• Directions:
Within the entries below, please retype exactly the lines starting with the line that has "polish intact. |" and going on through the line that has "Unfortunately, the unloading", but not the pictures.

====

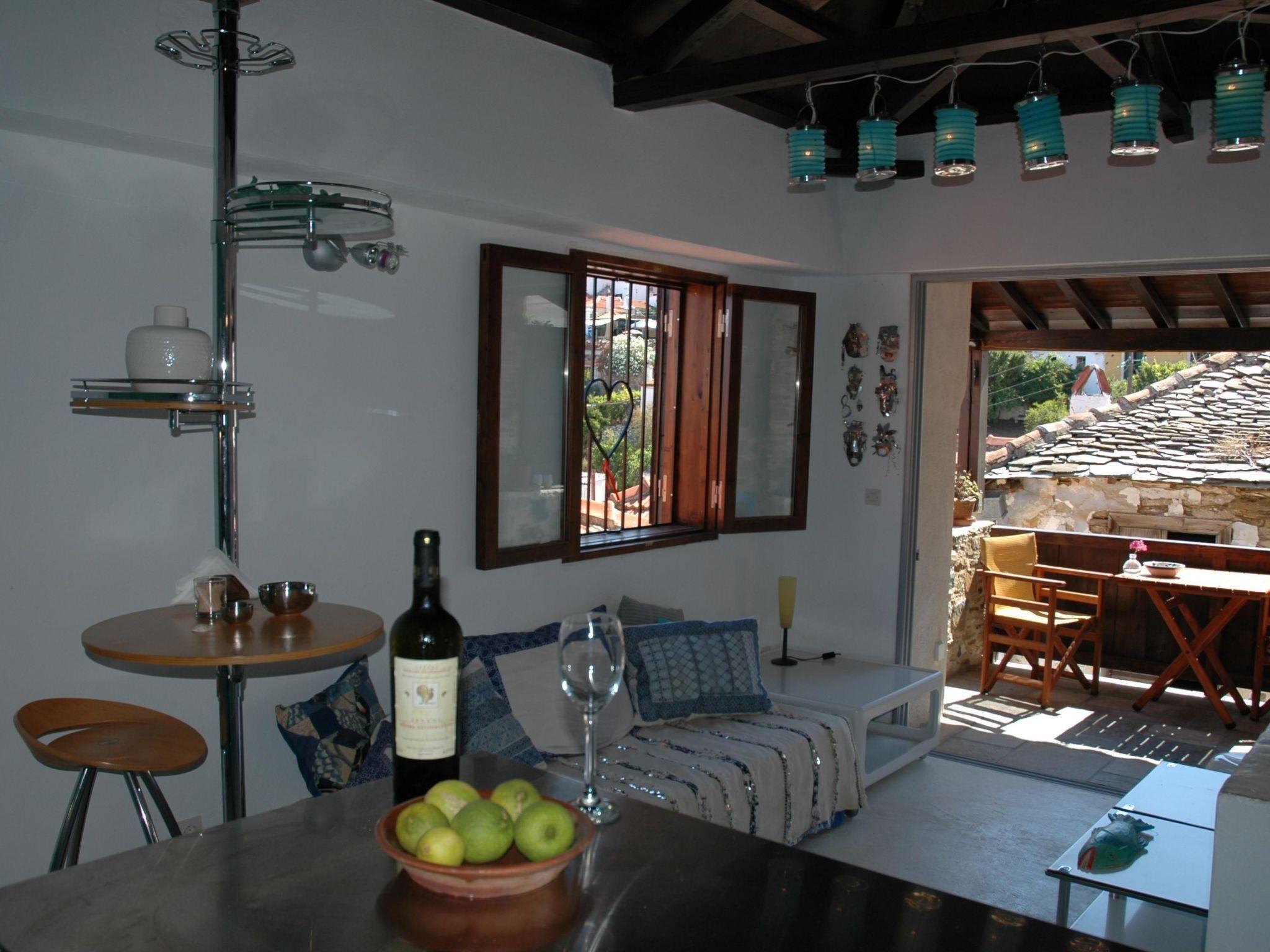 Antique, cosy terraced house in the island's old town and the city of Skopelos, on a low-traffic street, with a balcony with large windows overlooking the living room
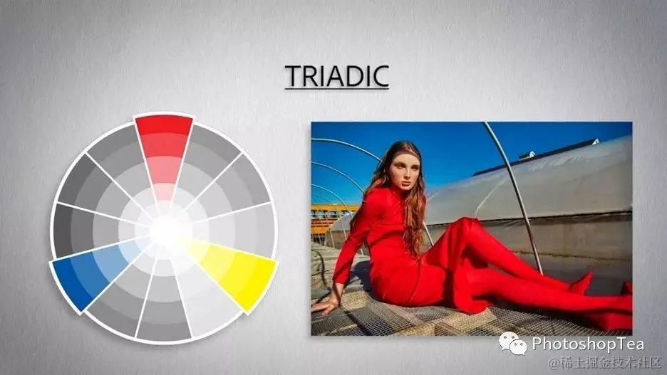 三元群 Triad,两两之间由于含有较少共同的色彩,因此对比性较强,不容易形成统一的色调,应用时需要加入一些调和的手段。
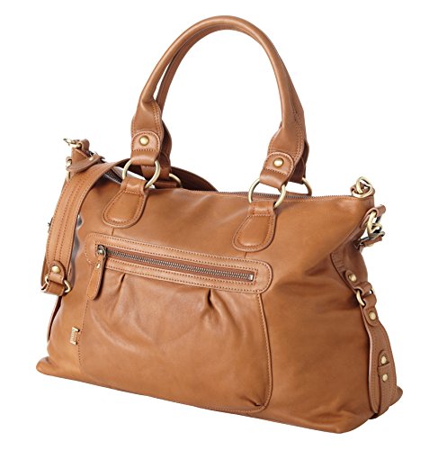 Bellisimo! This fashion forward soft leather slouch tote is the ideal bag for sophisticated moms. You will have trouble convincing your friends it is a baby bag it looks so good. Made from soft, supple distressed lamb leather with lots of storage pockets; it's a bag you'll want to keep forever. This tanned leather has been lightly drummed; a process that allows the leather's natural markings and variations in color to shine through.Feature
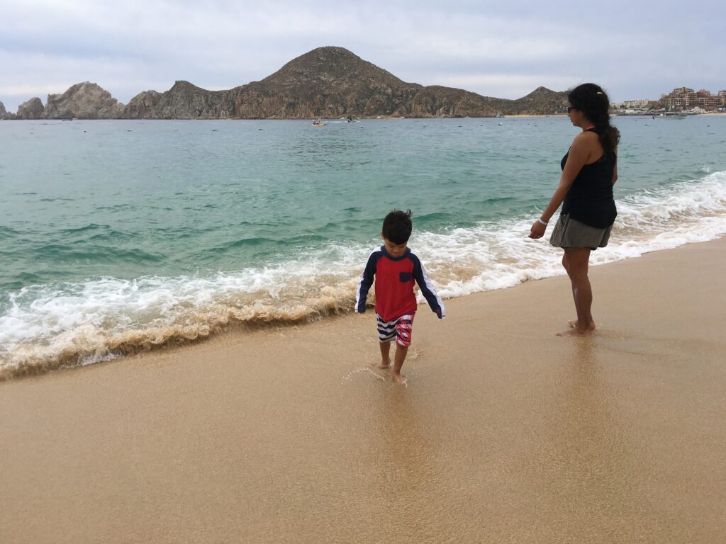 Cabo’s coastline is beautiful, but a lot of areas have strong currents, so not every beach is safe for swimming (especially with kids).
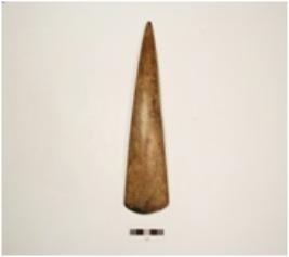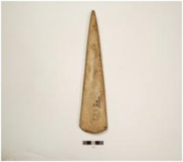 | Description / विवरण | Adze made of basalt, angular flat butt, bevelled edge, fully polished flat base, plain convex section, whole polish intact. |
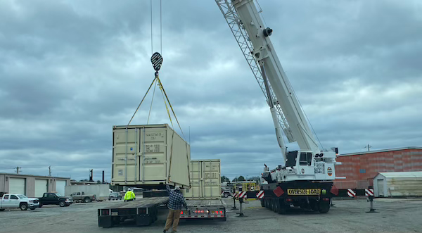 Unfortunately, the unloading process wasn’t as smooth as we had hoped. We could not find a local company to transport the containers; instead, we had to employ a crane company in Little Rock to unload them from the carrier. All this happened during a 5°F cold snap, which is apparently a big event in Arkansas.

====

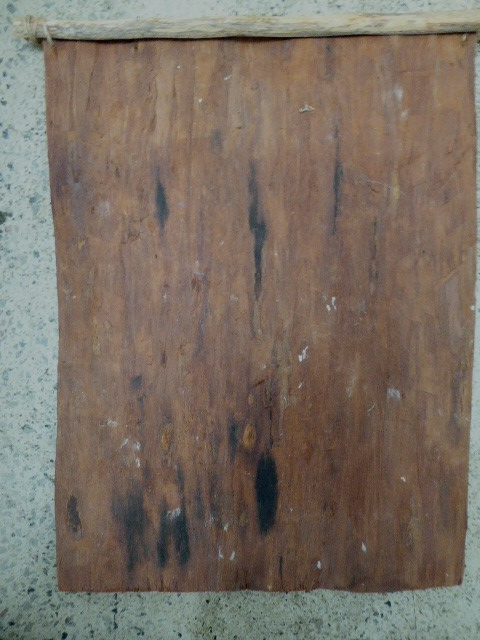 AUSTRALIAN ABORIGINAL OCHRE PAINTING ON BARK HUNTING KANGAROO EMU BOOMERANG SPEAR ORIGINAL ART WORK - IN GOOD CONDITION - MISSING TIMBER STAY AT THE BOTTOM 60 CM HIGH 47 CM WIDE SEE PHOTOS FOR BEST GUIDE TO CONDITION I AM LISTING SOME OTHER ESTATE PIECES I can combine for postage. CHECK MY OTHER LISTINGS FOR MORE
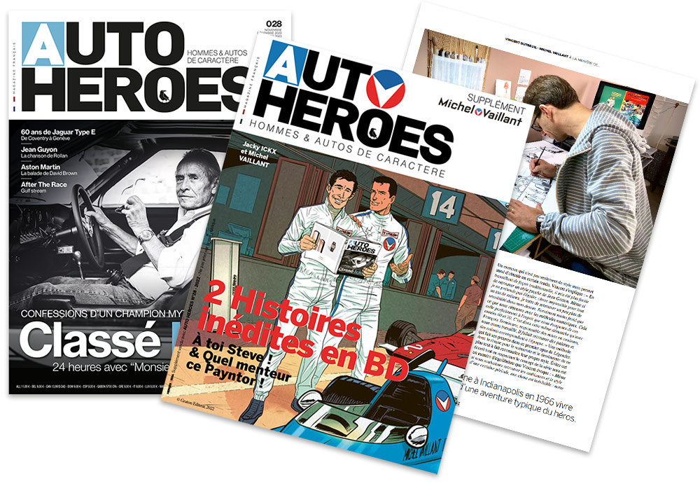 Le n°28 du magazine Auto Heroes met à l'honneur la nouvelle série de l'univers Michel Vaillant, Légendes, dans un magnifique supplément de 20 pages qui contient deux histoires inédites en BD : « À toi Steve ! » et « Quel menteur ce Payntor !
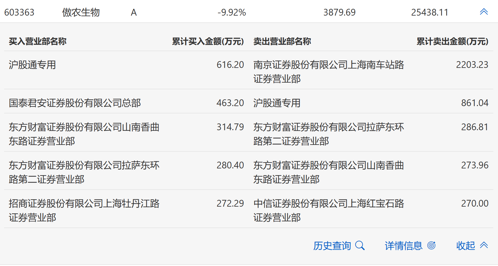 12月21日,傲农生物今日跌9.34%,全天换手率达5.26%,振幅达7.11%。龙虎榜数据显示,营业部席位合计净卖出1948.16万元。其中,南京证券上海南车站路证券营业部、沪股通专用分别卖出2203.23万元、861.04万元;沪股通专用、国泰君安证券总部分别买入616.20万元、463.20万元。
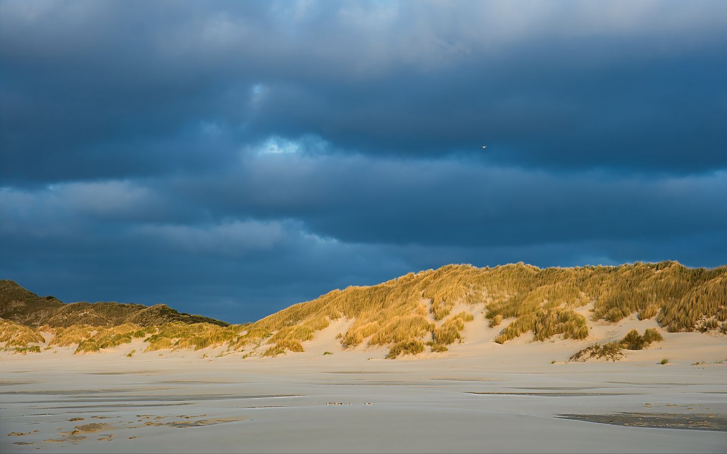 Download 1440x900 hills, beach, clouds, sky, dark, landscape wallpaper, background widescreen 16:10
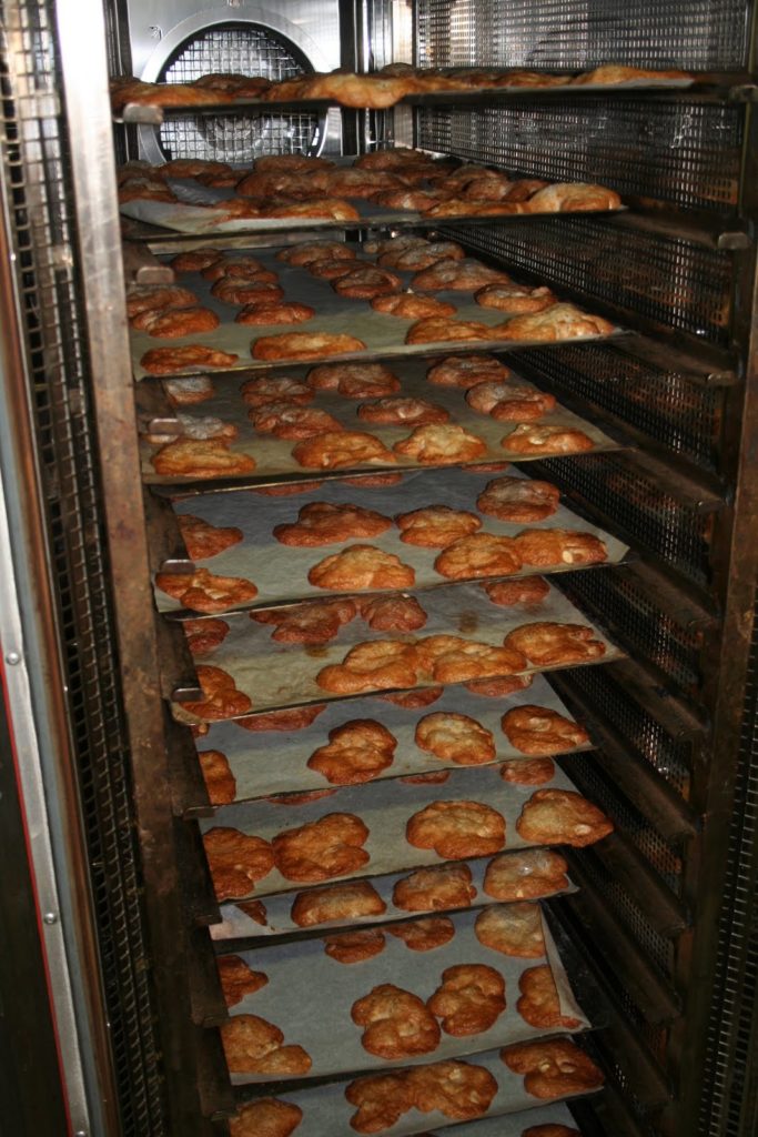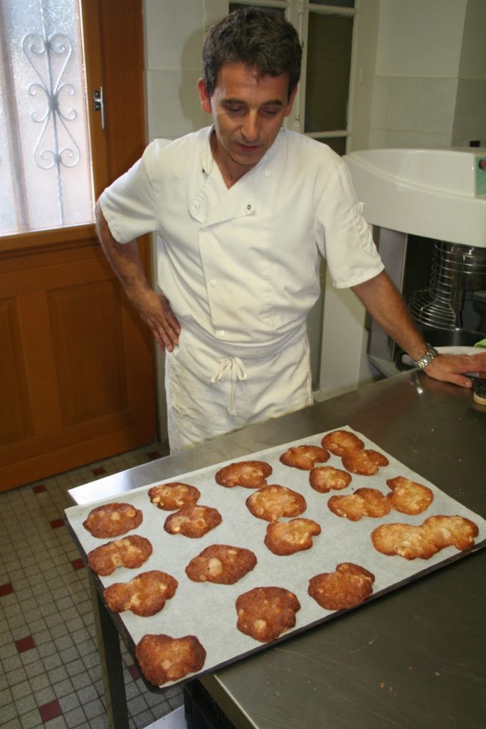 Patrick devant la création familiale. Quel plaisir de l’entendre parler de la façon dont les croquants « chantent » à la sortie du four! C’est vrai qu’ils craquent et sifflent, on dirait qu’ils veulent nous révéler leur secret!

====

• Result of this exercise:
 | Description / विवरण | Adze made of basalt, angular flat butt, bevelled edge, fully polished flat base, plain convex section, whole polish intact. |
 Unfortunately, the unloading process wasn’t as smooth as we had hoped. We could not find a local company to transport the containers; instead, we had to employ a crane company in Little Rock to unload them from the carrier. All this happened during a 5°F cold snap, which is apparently a big event in Arkansas.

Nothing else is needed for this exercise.